I was going to write more about this, but it looks like this is already here…
https://decrypt.co/92491/new-alfa-romeo-suv-will-come-nft-service-record
Imagine the point where the middle east realizes killing people is counter productive to the survival of our race. They will have to come to a super complex agreement in order to satisfy all the stakeholders properly. Where do you put such a document? And more importantly how do you know it won’t be altered at all after it’s out of the public eye? An NFT would be best as the actual agreement would be memorialized in perpetuity as it was executed and could be compared against the real paper, or perhaps the real paper is destroyed as the blockchain is public and everyone would be able to see this.
Even more amazing will be when a country will put their constitution or founding papers up on a blockchain for anyone to see at any time. This reduces the potential for conflict with improper translations and expands the audience to a worldwide scale. It would also allow the document to live in perpetuity, well beyond the physical limitations of the fancy paper it was printed on.
Certainly as corporations merge they could utilize the blockchain to memorialize their intentions. However I don’t see that as a high usage since blockchains are public and corporations like to hide their inner workings, but perhaps they block out visibility to all but the two organization leaders and their lawyers as that’s technically possible.
Corporations can also release SEC paperwork via NFTs and that can erase the need to print and mail hundreds of thousands of those books you get each year. One NFT that holds everything needed to do a proper review of a company and their financial situation. Perhaps that’s the same NFT that banks use to approve loans AND governments use to assess taxes?

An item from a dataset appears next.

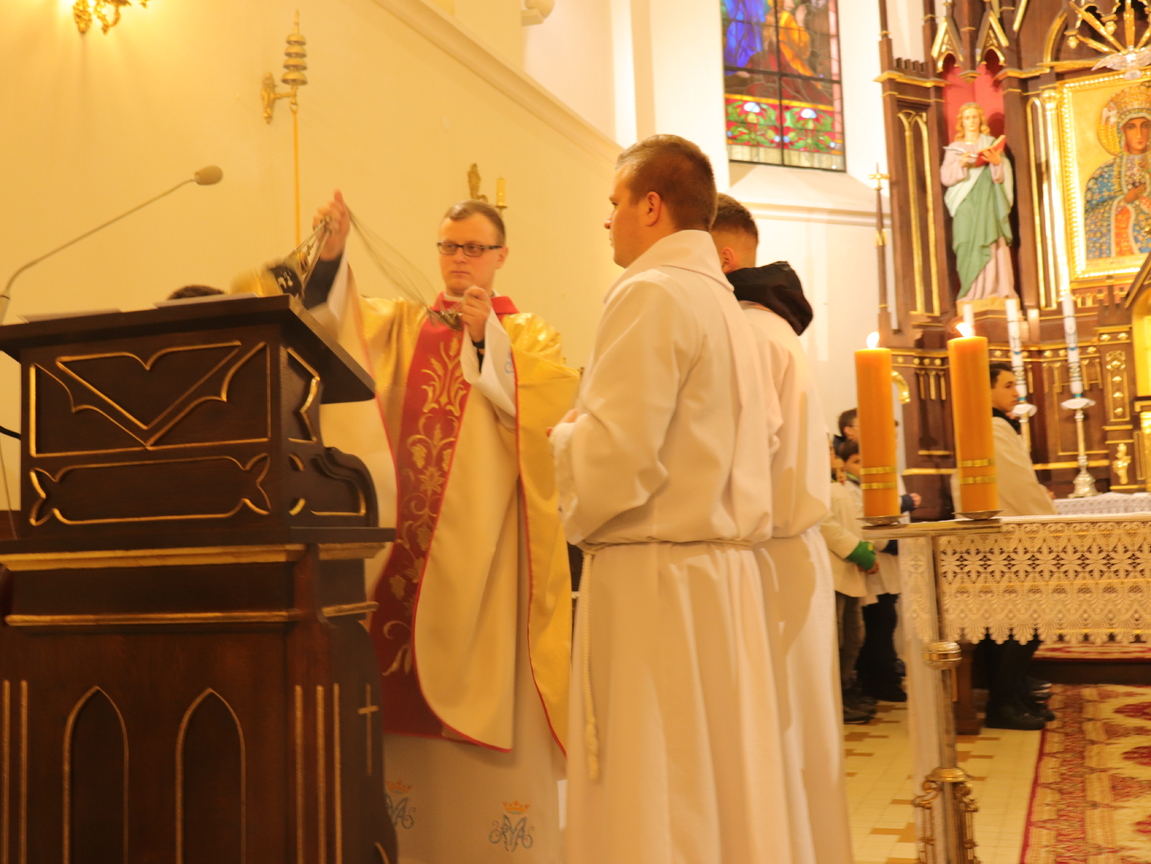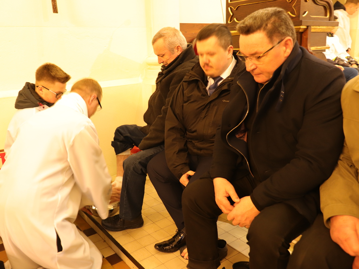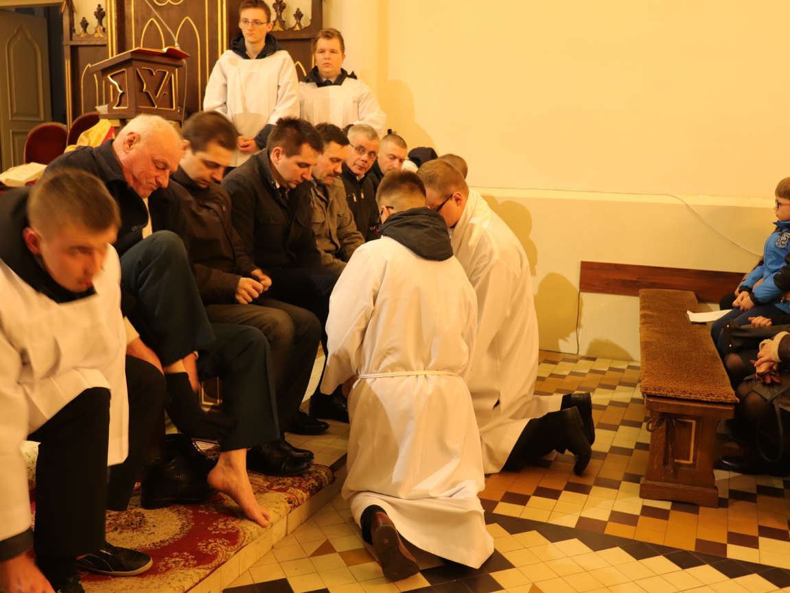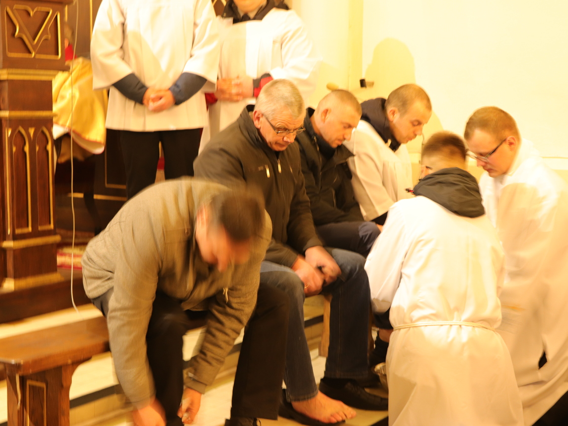 29 marca o godz. 18.00 rozpoczęliśmy w naszej parafii uroczyste przeżywanie Triduum Paschalnego. Na początku Mszy Św. Wieczerzy Pańskiej przedstawiciele naszych parafialnych grup złożyli Księdzu Proboszczowi i Księdzu Wiakriuszowi życzenia w tym szczególnym dniu dla kapłana.

NFTs can help close loop holes major developers have been using for years to skirt the system.
Anyone who knows anything realizes that Usernames and Passwords suck. Up until now any system that needs a unique login to differentiate between users would need to exist in the Web 2.0 infrastructure. You’d need to build a web application, host it on servers and create user credentials for your registered users, employ folks to work support, and hope it’s not hacked.
What’s to say that each username and password is only being used by one person? More importantly, what’s to say that the company didn’t give a million people access to the system and make it so the insides aren’t worth the price? This need for web-based systems has created many challenges and although NFTs aren’t able to provide fixes for every issue, one thing is certain – digitally signing a wallet to prove you own an NFT is easy to do and requires less from a user then remembering a username and password. This is by far a better way to log into an ecosystem and NFTs are uniquely structured to operate as gatekeepers to extra abilities that NFT owners have or will gain over time.
Perhaps community banks will issue NFTs as a unique way to enter their community and transact online with their accounts. I can see NFTs being used to access banking and trading accounts as they are just as unique to you as a username and password and FAR easier to prove ownership rather than keeping thousands of unique username/password combinations in a password manager.
Whatever the way forward, these potential use cases are years if not decades away and THIS is what excites me about NFT – not a $50 million jpeg.
NFTs as we see them now in the public media are like Beanie Babies. Did I get your attention? I can’t take credit for this analogy, but it’s true. What you see and hear now is the beginning phase of a societal fad. A point in time where people with far too much crypto are given a way to flex by spending absurd amounts of it on seemingly foolish things.
The economics of a single thing being valuable within a sea of other single things has been around forever. Baseball cards, beanie babies, Lionell Trains, and many others have this ubiquitous everlasting scarcity value creeping up over time as the physical world affects its aging process on the paper, plush, and metal.
NFT purchases are made for many reasons, but taking the initial stance to spend $50 million on a blurry image is something not many of us can understand. The only thing I can give you for context is that these decisions seem to be for one of two reasons: utility and/or bragging rights. Let me explain both.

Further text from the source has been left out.